### Your assignment:
No pictures go into the output, which should consist only of the lines from the first line of the data through the line with "Fig. 1. Six main categories of food additives", copied exactly.

*** Material for the task

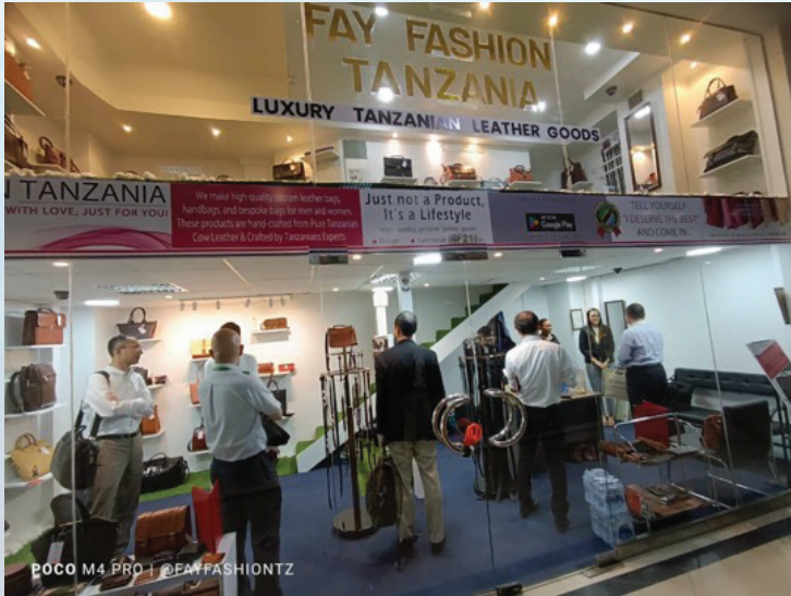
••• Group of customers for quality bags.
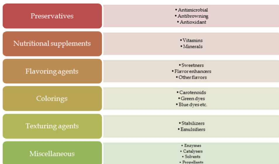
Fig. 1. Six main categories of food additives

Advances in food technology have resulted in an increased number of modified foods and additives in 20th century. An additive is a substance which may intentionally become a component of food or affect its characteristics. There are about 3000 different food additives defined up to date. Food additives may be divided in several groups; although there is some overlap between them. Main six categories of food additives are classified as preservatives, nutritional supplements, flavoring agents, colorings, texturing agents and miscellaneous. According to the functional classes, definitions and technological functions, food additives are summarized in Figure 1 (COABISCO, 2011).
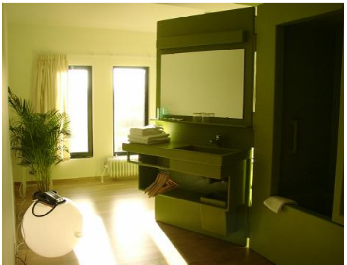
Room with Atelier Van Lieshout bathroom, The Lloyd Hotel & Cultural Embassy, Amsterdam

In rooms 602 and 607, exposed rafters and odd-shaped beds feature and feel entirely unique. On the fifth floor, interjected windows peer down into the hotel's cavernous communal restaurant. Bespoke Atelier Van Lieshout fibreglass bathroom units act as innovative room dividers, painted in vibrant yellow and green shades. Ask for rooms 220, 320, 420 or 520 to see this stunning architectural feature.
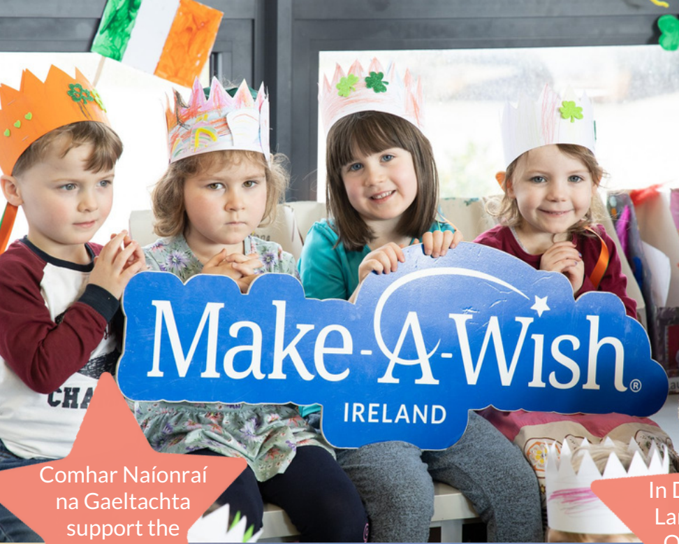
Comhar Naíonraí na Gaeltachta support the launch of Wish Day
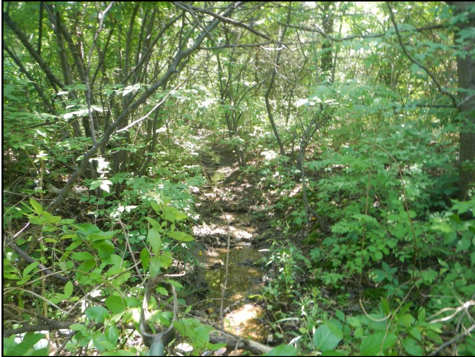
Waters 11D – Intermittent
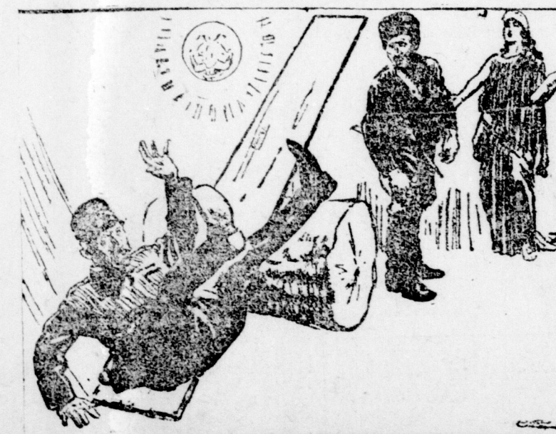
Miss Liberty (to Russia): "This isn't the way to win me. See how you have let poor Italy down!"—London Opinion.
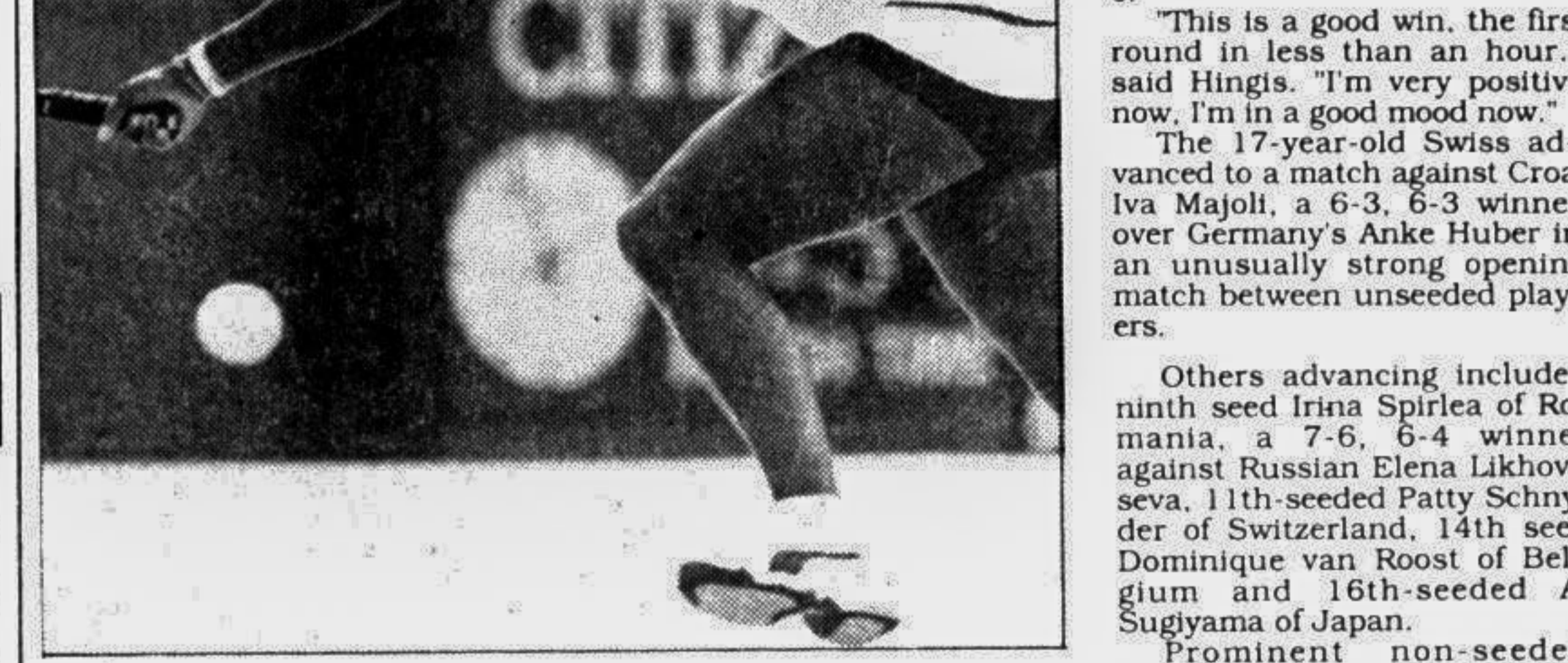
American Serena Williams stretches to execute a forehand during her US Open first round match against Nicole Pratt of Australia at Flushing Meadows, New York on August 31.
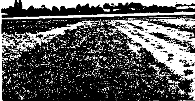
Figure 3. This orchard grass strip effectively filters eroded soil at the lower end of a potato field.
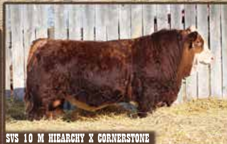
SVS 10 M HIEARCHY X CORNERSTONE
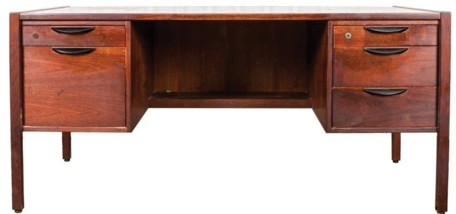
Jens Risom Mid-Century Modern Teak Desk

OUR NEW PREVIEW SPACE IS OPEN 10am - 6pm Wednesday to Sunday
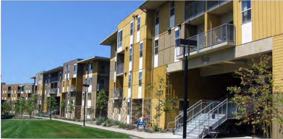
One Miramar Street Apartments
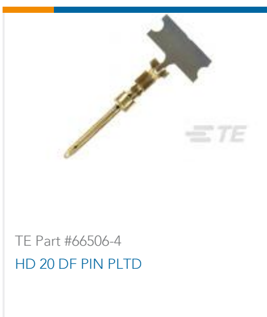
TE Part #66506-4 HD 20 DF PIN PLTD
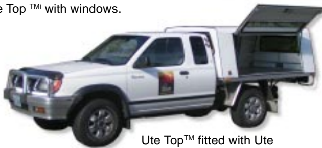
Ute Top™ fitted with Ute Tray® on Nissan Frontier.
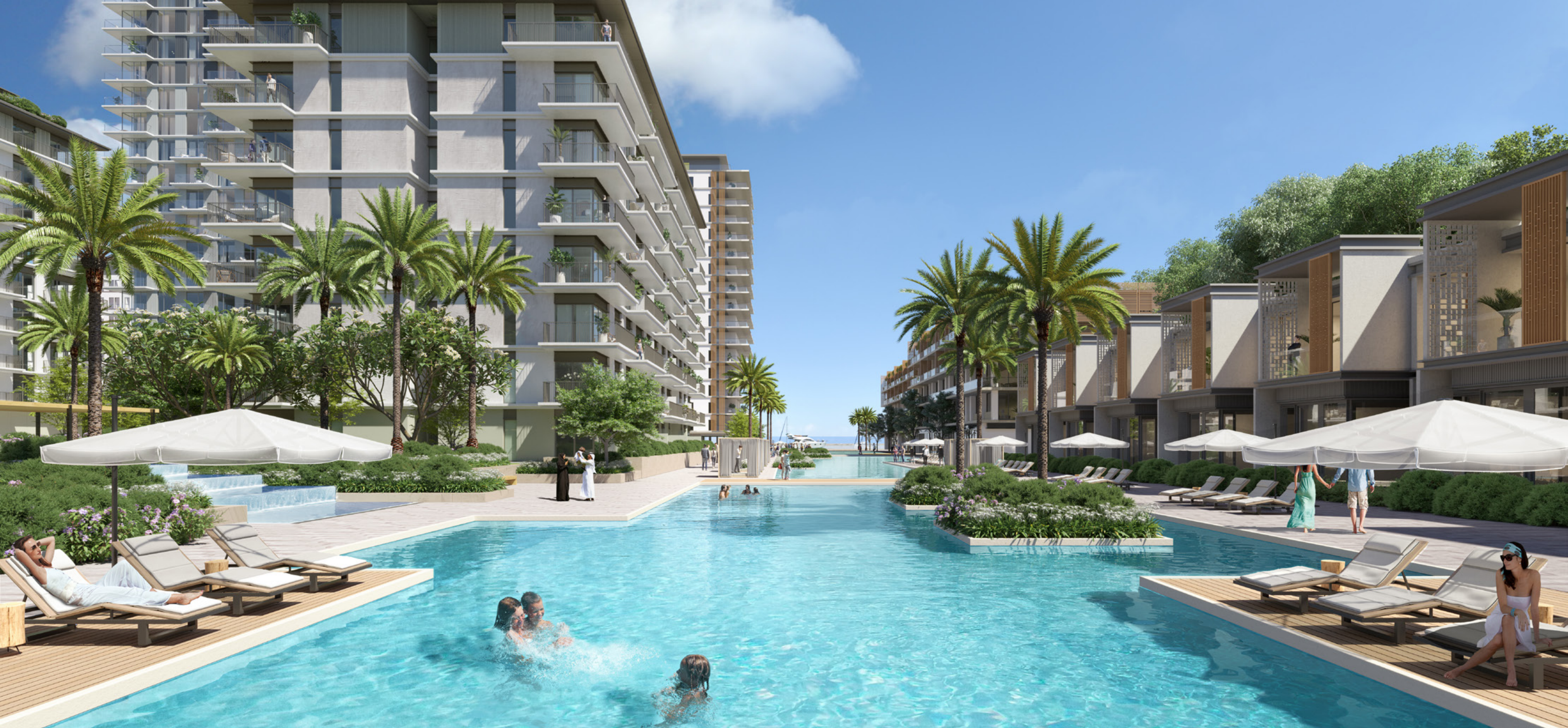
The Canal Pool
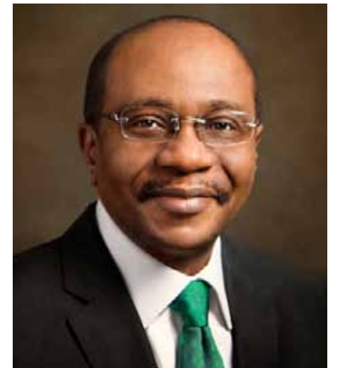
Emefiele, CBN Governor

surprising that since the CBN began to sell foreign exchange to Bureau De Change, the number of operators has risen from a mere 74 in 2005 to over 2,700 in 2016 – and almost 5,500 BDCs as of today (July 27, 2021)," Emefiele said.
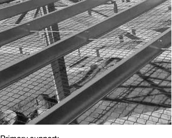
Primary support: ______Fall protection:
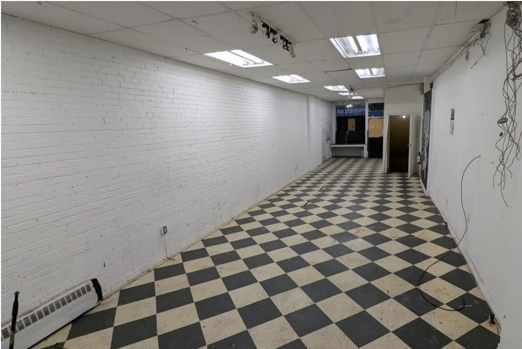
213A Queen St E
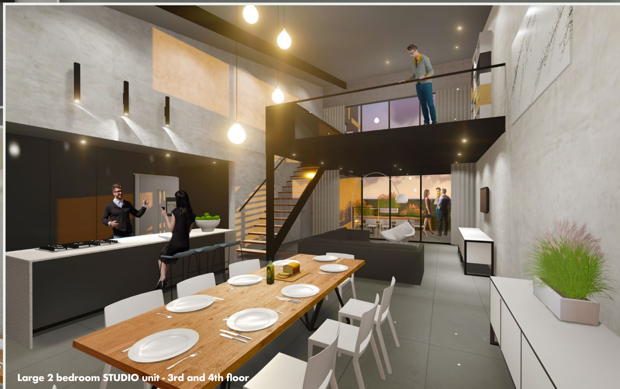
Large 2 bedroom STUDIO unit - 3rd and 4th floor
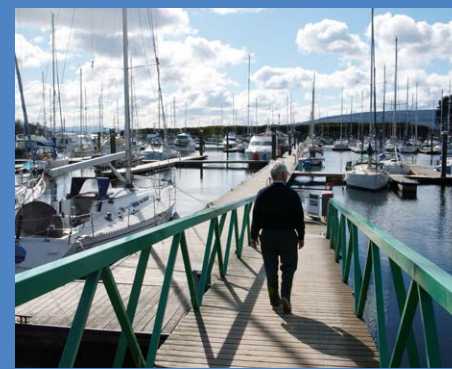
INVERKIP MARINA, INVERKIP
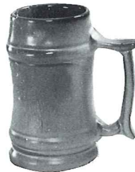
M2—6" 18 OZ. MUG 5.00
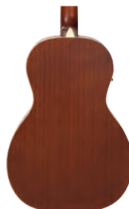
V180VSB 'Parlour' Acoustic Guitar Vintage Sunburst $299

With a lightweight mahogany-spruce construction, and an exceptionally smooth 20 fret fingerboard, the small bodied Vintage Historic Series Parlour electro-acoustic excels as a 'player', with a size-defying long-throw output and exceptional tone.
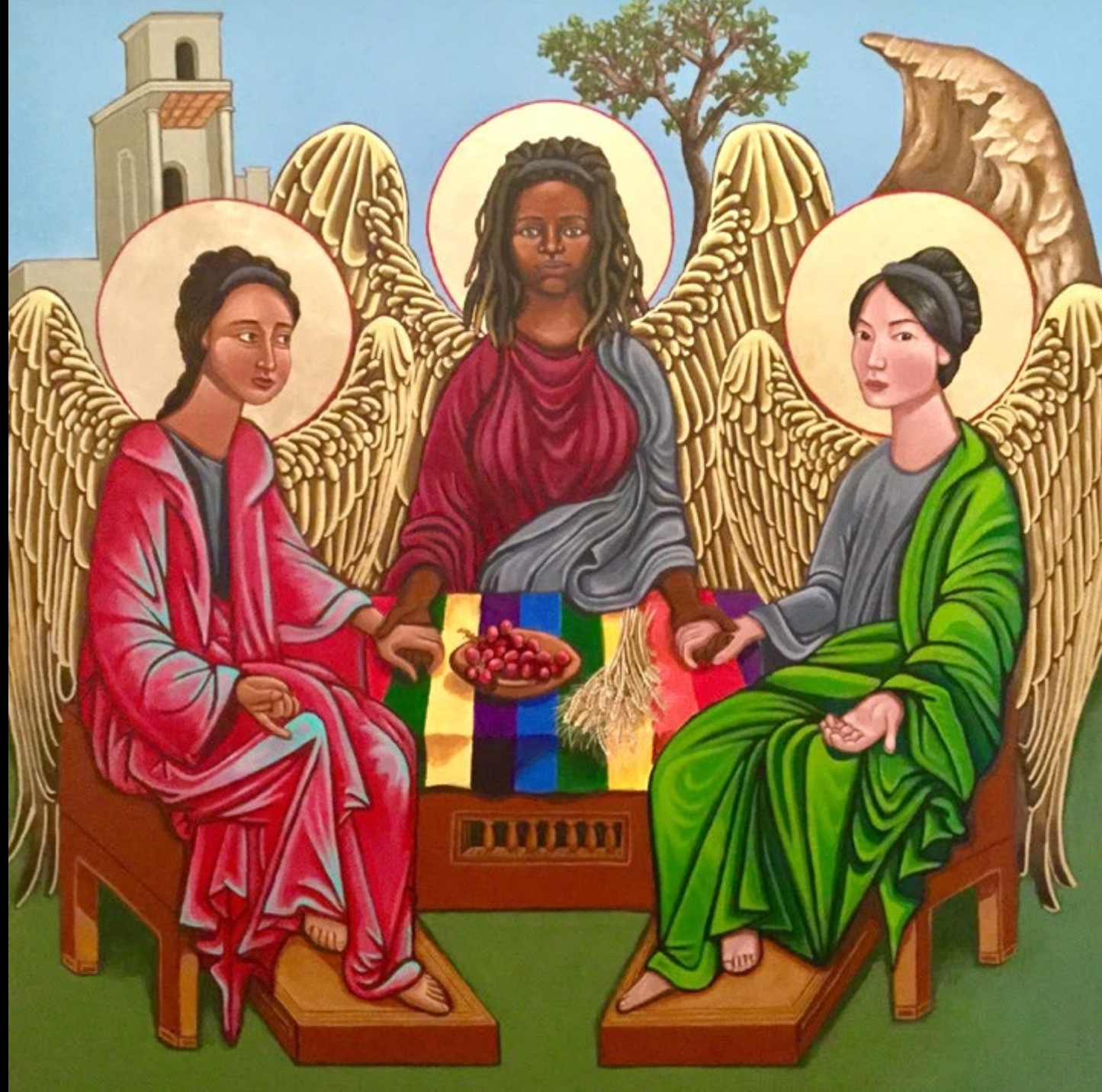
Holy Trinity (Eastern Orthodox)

******

### Exercise solution:
••• Group of customers for quality bags.
Fig. 1. Six main categories of food additives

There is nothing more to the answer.